Example results are presented below. First, the grid alignment is performed and the original image and the resulting grid are shown.




Second, a screening type is selected and the figures below show results obtained by running each type of screening.



Results obtained without any screening (DotRadius = 5.0).



Results obtained with "Loc:Size" (location and size) screening type (DotRadius = 5.0, DeltaDotRadius = 2.0, MaskType = Euclidean).

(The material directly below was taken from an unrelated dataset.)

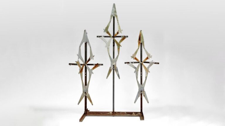 Industrial steel brackets are pierced by garage nails to reimagine Jesus being crucified on the hill of Calvary between two thieves, fulfilling Old Testament prophecy. One thief mocked Jesus, demanding salvation for the pair of thieves, while the other rebuked him, upholding their punishment and Jesus’ innocence. Rust represents blood to invoke suffering.
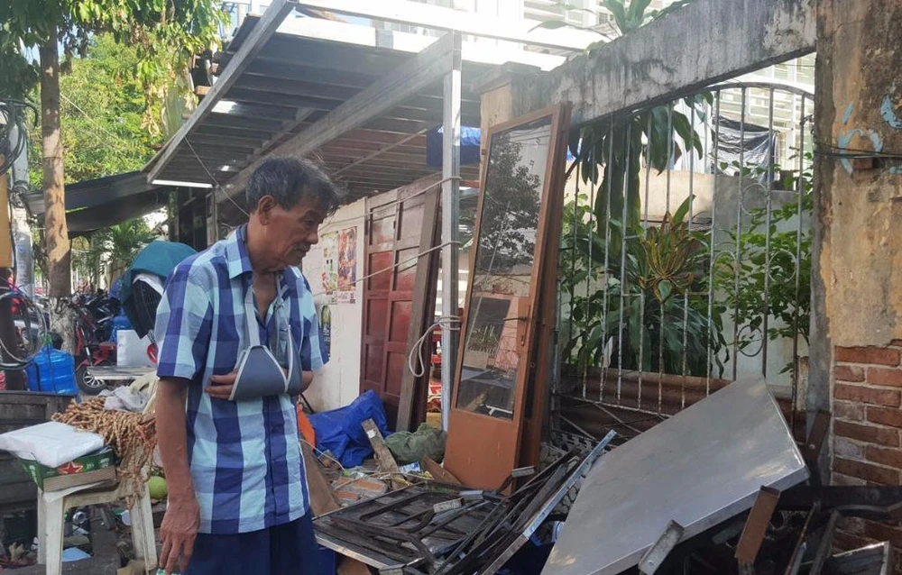 Như Pháp Luật TP.HCM đã phản ánh, cơn bão số 12 đã phá tan phần lớn mái của ngôi nhà, đánh vỡ các bức tường ván, đồ đạc nên gia đình ông Nguyễn Khoái với ba hộ, 16 người không còn nơi ở. Do không mua được vật liệu gỗ vì TP Nha Trang có quá nhiều nhà bị hư hỏng, nếu sử dụng lại gỗ cũ thì không an toàn nên gia đình ông mua sắt hộp làm trụ, khung để lợp lại mái tôn trong phần tường nhà còn lại làm nơi tạm trú.

Results obtained with "SNR" (signal to noise ratio) screening type (MinContrast = 1.0).



Results obtained with "Topology" screening type (DevTopologySize = 0.15, MaskType=Euclidean).



Results obtained with "Statistics" (PDF models) screening type (DistType = Beta Distribution).



Description of Feature Extraction: Once selected quality assurance (QA) control methods (screening types) have been applied, a user can extract features for data mining from original microarray images over a mask generated by screening process. The feature extraction algorithm computes features per each grid cell based on foreground (signal) and background statistics inside a grid cell. If a grid cell does not contain any signal area (white in the mask image) then all selected features for that grid cell are set to a unique value representing an invalid cell (unreliable information).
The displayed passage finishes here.